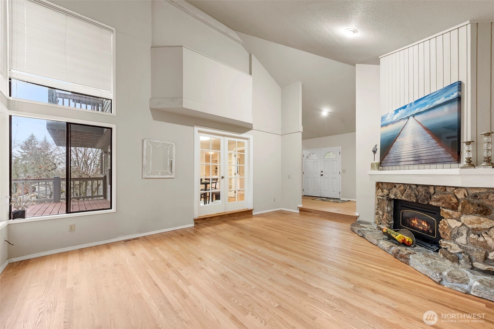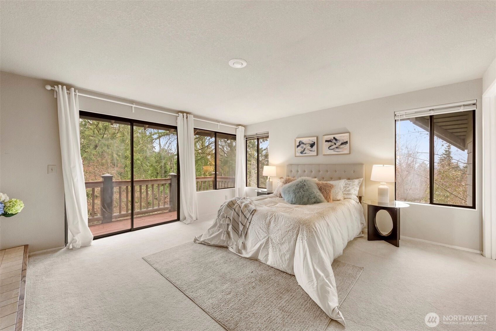 3 BDs 1 bonus RM, 2.5 BA contemporary home with large windows, supper private, adjacent to Whispering Heights. Updated open kitchen w/ large core counter & dinning space, wet bar. Recent updated SS appliances, new fridge in 2022, Blank new range, new furnace in 2024. Remodeled bathrooms, refinished and well maintained oak hardwood & lvp floor. Some territorial views, low maintenance level backyard w/ new fence, deck. Separate dining & high ceiling living RM. One fireplace at every floors. Upper floor has master suite and adjoining office or nursery RM , private deck. Lower level has two BDs 1 full bath, plus rec RM or third BD, laundry RM. Attached spacious 2 car garage with flat driveway, don't miss the additional approximately 400 sq ft secured storage room located above the garage, not included in the 2,740 sq ft reflected in public records. Mature landscaping. Convenient to I-90, 405, shops, park-n-ride. Bellevue School District (Spiritridge Elem, Tillicom Mid, Newport high)
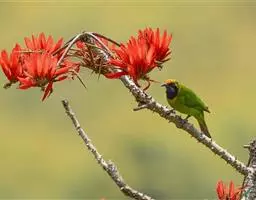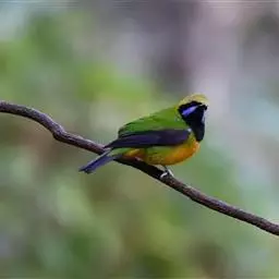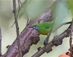 橙腹叶鹎体形大小和金额叶鹎相似,体长16~20厘米。额至后颈黄绿色,其余上体绿色,小覆羽亮钴蓝色,…
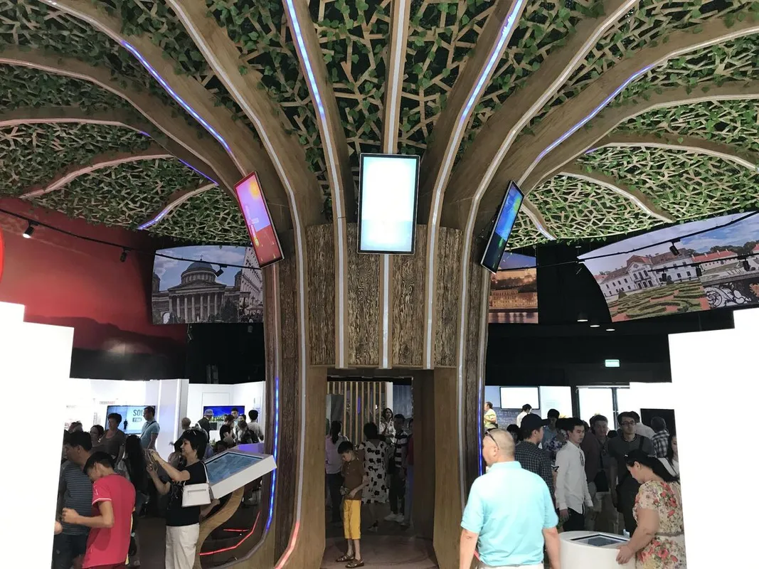 Érdekes végignézni, melyik ország milyen koncepciót választott. Az öböl menti királyságok azt akarták megmutatni, mennyire gazdagok: minden csillog-villog, de alig van tartalom. A fehéroroszok boltot nyitottak, ahol nejlonharisnyát árulnak és a hokiválogatott mezét. A szerbek úgy döntöttek, hogy kisütik a betérő vendég retináját: a bejáratnál vakító neonfolyosón kell bemenni, hogy aztán bent alig lássunk valamit a derengésben. Természetesen megnéztem volna a házigazdák pavilonját is, amely az egész expóterület közepén egy hatalmas, többemeletnyi gömb. Értelemszerűen ott állt a leghosszabb sor, és miután megtudtam, hogy több mint egy órát kellene várakoznom a tűző napon, a haminc-egynéhány fokos kánikulában, letettem az ötletről.

_About this exercise_
Once the pictures are set aside, what is needed is the lines from the line with "橙腹叶鹎体形大小和金额叶鹎相" through the end of the data, written out exactly and alone.

_Task output_
 橙腹叶鹎体形大小和金额叶鹎相似,体长16~20厘米。额至后颈黄绿色,其余上体绿色,小覆羽亮钴蓝色,…
 Érdekes végignézni, melyik ország milyen koncepciót választott. Az öböl menti királyságok azt akarták megmutatni, mennyire gazdagok: minden csillog-villog, de alig van tartalom. A fehéroroszok boltot nyitottak, ahol nejlonharisnyát árulnak és a hokiválogatott mezét. A szerbek úgy döntöttek, hogy kisütik a betérő vendég retináját: a bejáratnál vakító neonfolyosón kell bemenni, hogy aztán bent alig lássunk valamit a derengésben. Természetesen megnéztem volna a házigazdák pavilonját is, amely az egész expóterület közepén egy hatalmas, többemeletnyi gömb. Értelemszerűen ott állt a leghosszabb sor, és miután megtudtam, hogy több mint egy órát kellene várakoznom a tűző napon, a haminc-egynéhány fokos kánikulában, letettem az ötletről.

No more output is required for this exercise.